Archer started riding when he was four, joining his older brother Devon on rides at the old track in the industrial zone. His family has been involved with local motocross for three generations.
His father Terry is the vice-president of the Revy Riders, the local riding association that operates the new Revelstoke Motocross Track on Westside Road. He helped build the current track, and his father before him helped build the old one.
The track has been a big boost. “Everyday after school,” he said. They also built a small arena-cross track on private property above Columbia Park.
Skyller said he committed to the sport seriously this year when he moved up to the intermediate pro-am class. Skyller is one of the younger riders in the intermediate level, which includes riders in their 20s.
He’s integrated new facets into his training, included increased weight-lifting and training as well as a nutrition regime. “I just got moved up to intermediate,” Skyller said. “I wanted to see how good I could do, putting in all of the effort.”

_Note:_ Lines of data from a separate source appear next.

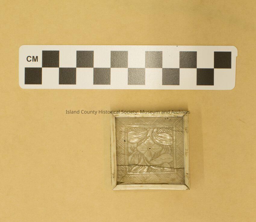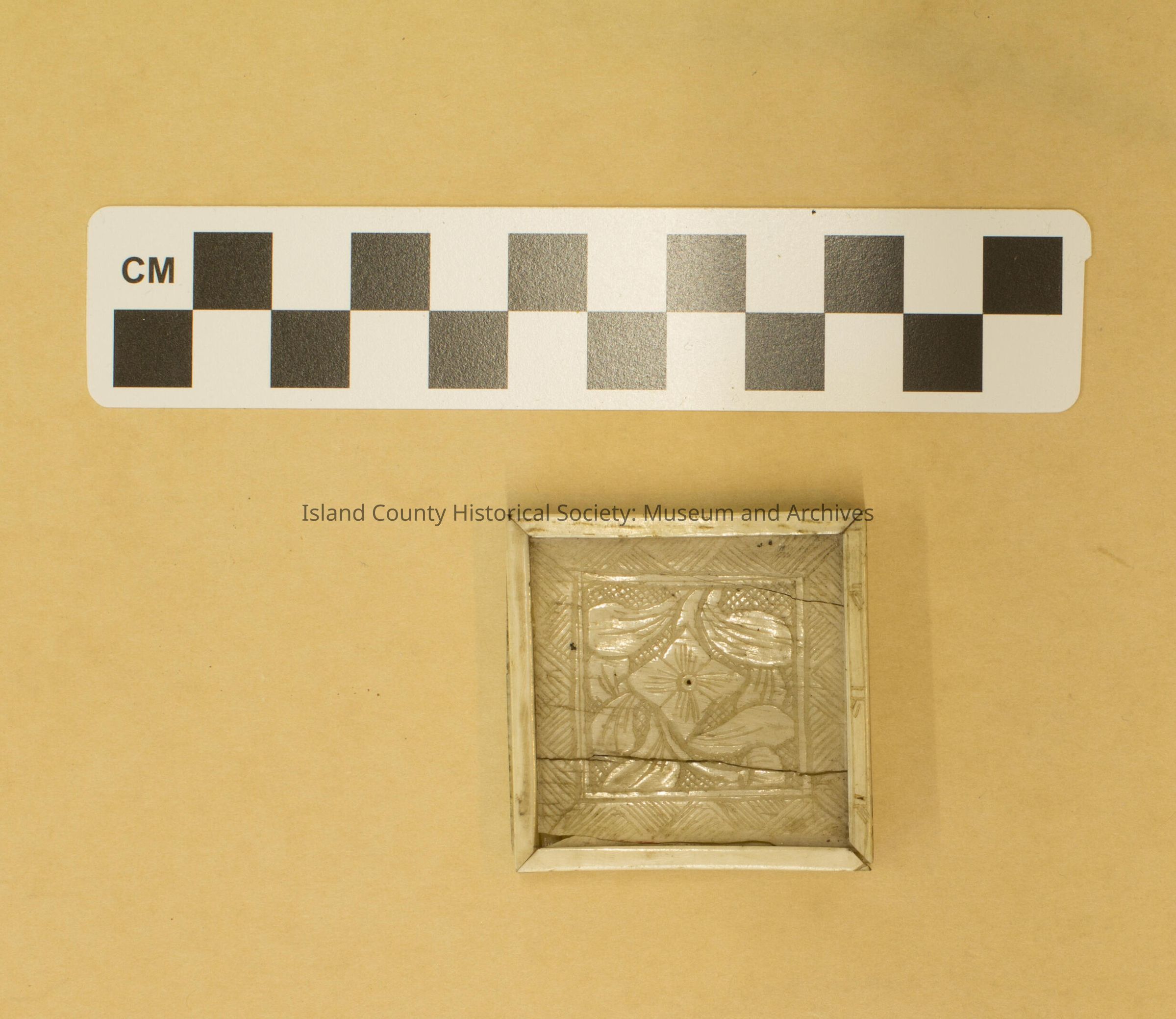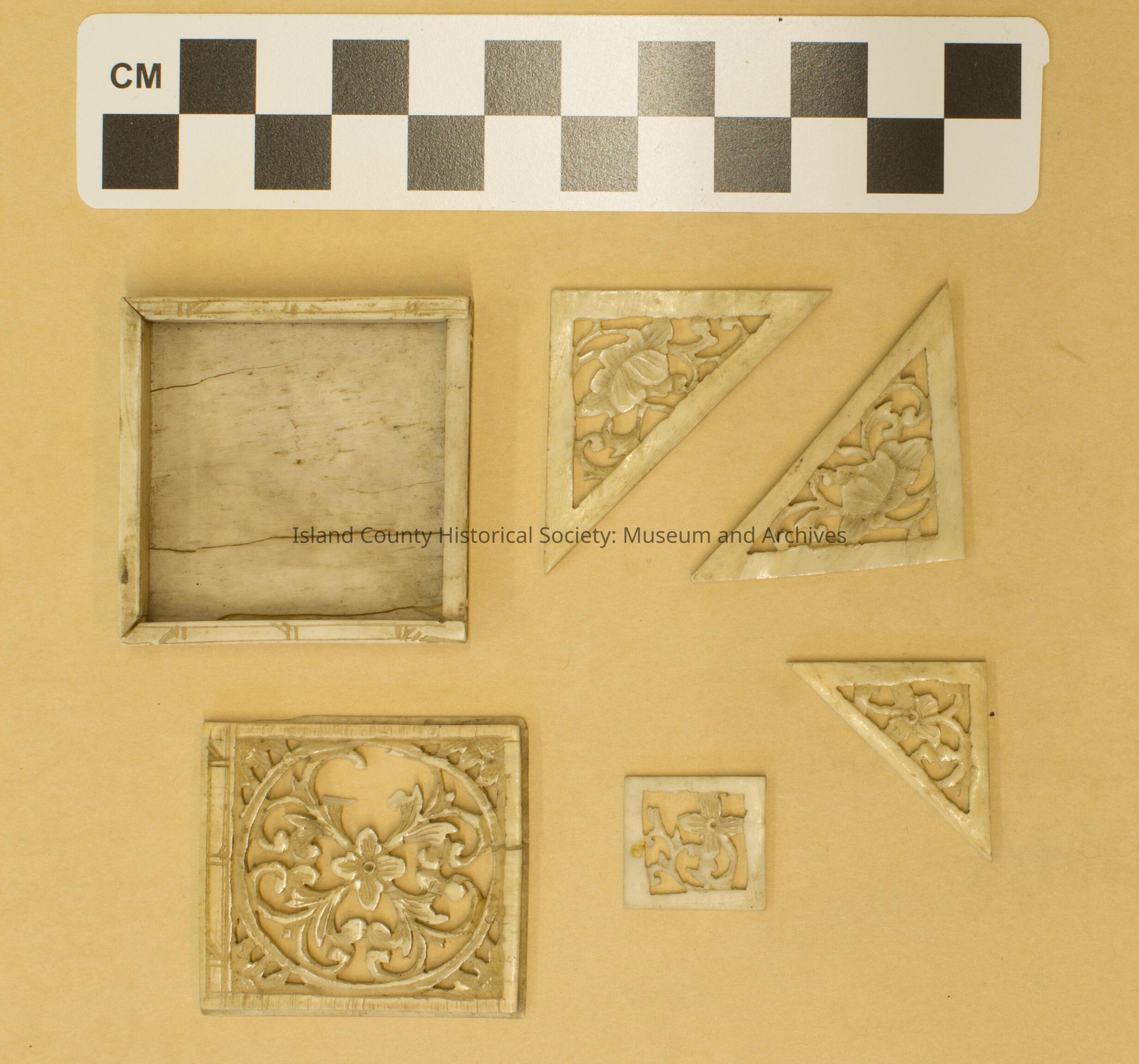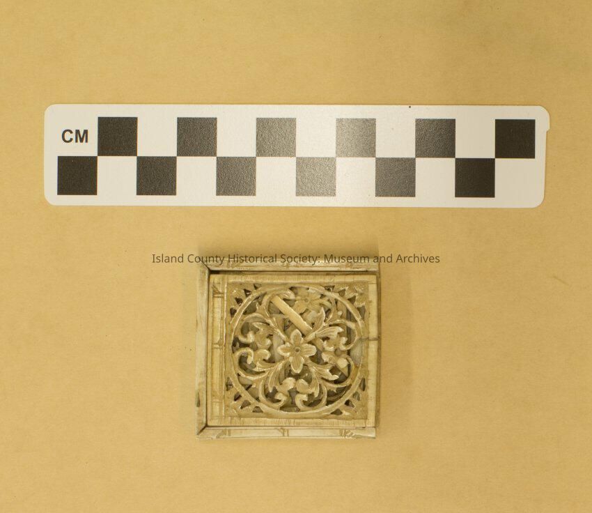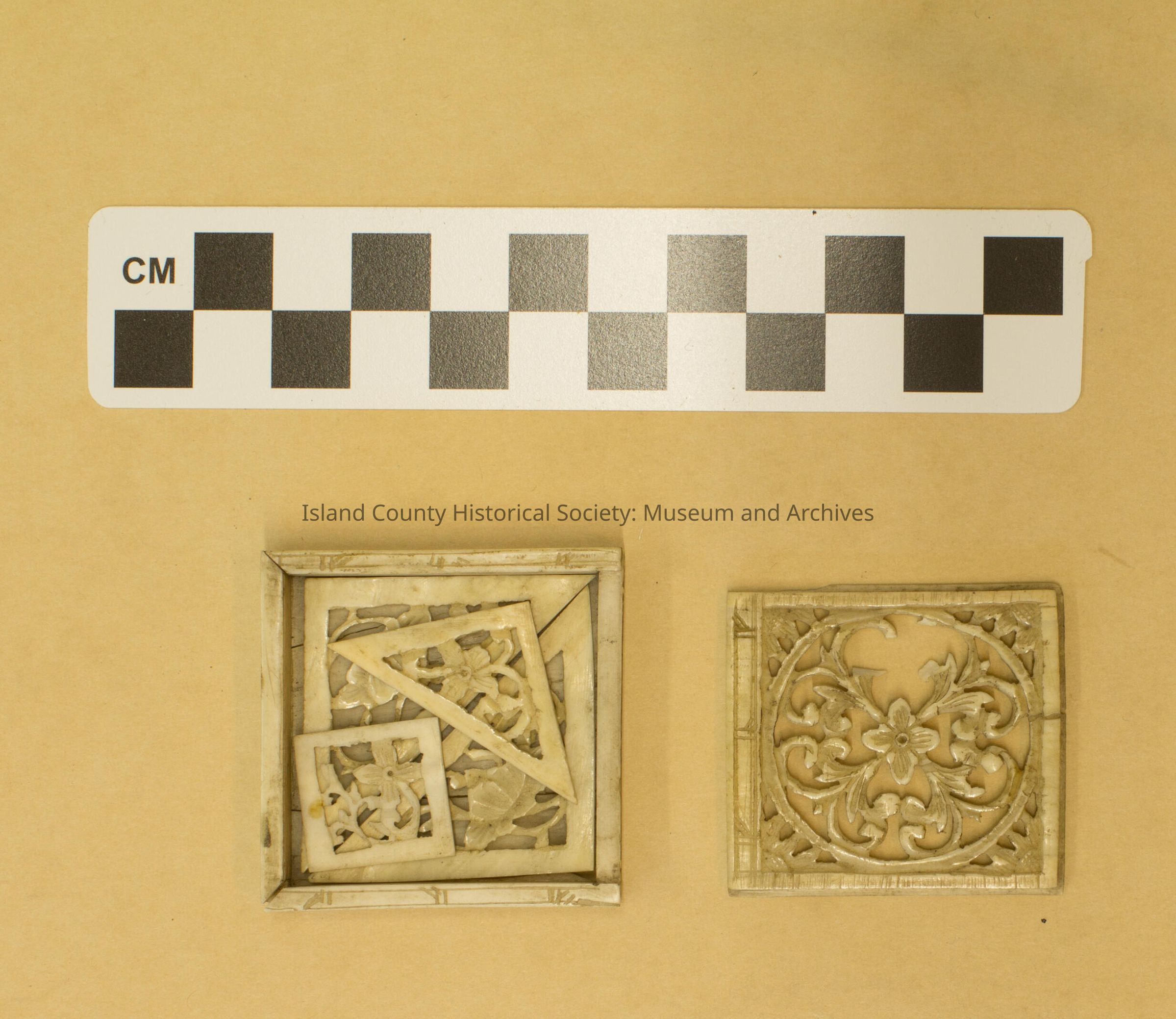A small square ivory puzzle box containing 4 puzzle pieces under the lid. The lid is very ornate with flowers and leaves carved through it. The sides of the box have flowers carved into them. The bottom has a flower in the center surrounded by petals, There is a crack in the bottom and a hole on top. The box is 1.75 in x 1.75 in square by .25 inch thick..Lexicon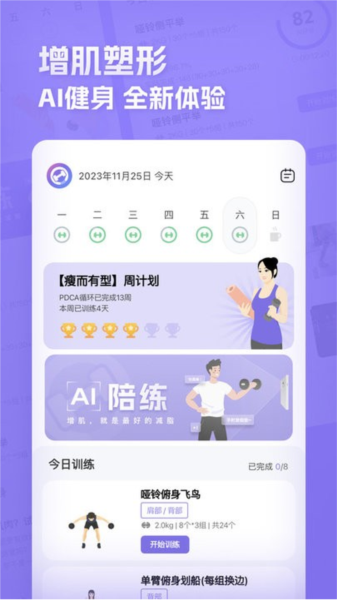 从初学者到进阶的各个阶段,提供全方位的训练指南,包括:减重、塑型、增强免疫力、增益调节等等,满足不同的用户群体的需求。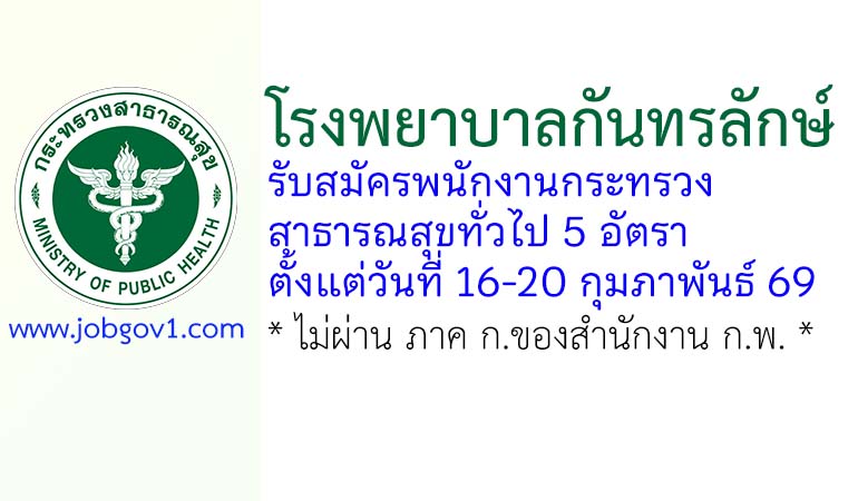 โรงพยาบาลกันทรลักษ์ รับสมัครพนักงานกระทรวงสาธารณสุขทั่วไป 5 อัตรา ตั้งแต่วันที่ 16-20 กุมภาพันธ์ 2569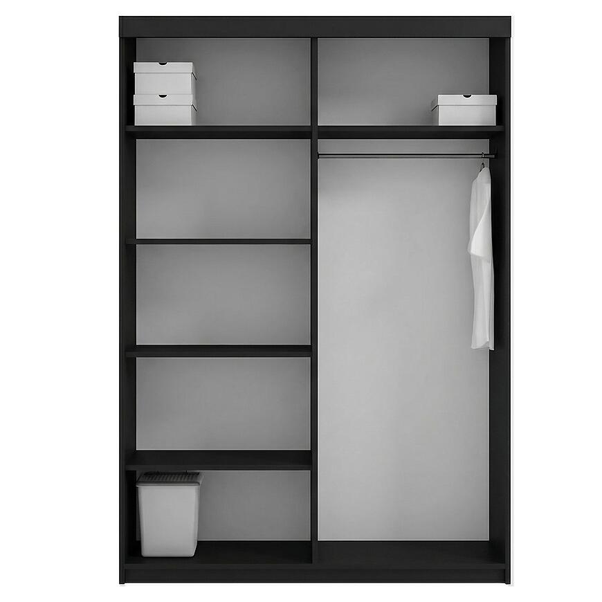 Szafa Infiniti 150 została zaprojektowana z myślą o maksymalnym wykorzystaniu przestrzeni użytkowej. Dwudrzwiowy system przesuwny umożliwia wygodny dostęp do wnętrza, ułatwiając organizację ubrań, dodatków i tekstyliów. To idealna szafa do sypialni czarna, która sprawdzi się zarówno w codziennym użytkowaniu, jak i przy przechowywaniu sezonowej garderoby. Solidna konstrukcja o wadze 137 kg zapewnia stabilność oraz długotrwałe użytkowanie.

Archer is heading to Riverside, California in March for a training series. There’s a cluster of about 10 tracks in the area where professional riders converge for spring training sessions.
Skyller’s mentor will accompany him to California. Williams Lake pro-rider Brock Hoyer is coming off of Canadian Arenacross championships in Canada in both engine classes. He’s a team-mate, a coach and a mentor to Skyller.
Archer is currently a student at RSS and will be putting in lots of homework while at training in California.
His amateur series begins at the beginning of April when he returns from California. This year he plans to race in the western series, but next year he’ll make the jump to eastern races as well.
Archer is heading to the televised Canadian Nationals pro series in June. He’ll be racing against sponsored factory riders who roll up in factory trucks and trailers plastered with their sponsors’ logos. Top American riders can make in the millions on the circuit.
Archer also stands to take home prize money depending on his finish. What motivates him? “Work hard, go to the gym and ride lots,” Archer said. “Beat other people.”
His father Terry Archer says his son’s fast ascent in the rankings is remarkable. “The majority of the kids are 18 to 19 years old,” father Terry says. “Skyller’s bounced through that quick.” Riders must accumulate enough points to move up to the next ranking.
The bikes cost about $18,000 each with discounts. To date, his sponsors include Fox Shox, Fox Gear & Clothing, T Archer Ltd., Spectra Power Sports, Shift, Apex Granite, MX1 Canada, Ogio, CTI Pro Wheel and team sponsor Kawasaki Canada.
His ambition is to move up to the pro rankings. What’s the timeline on that goal? “Hopefully two years,” Archer says.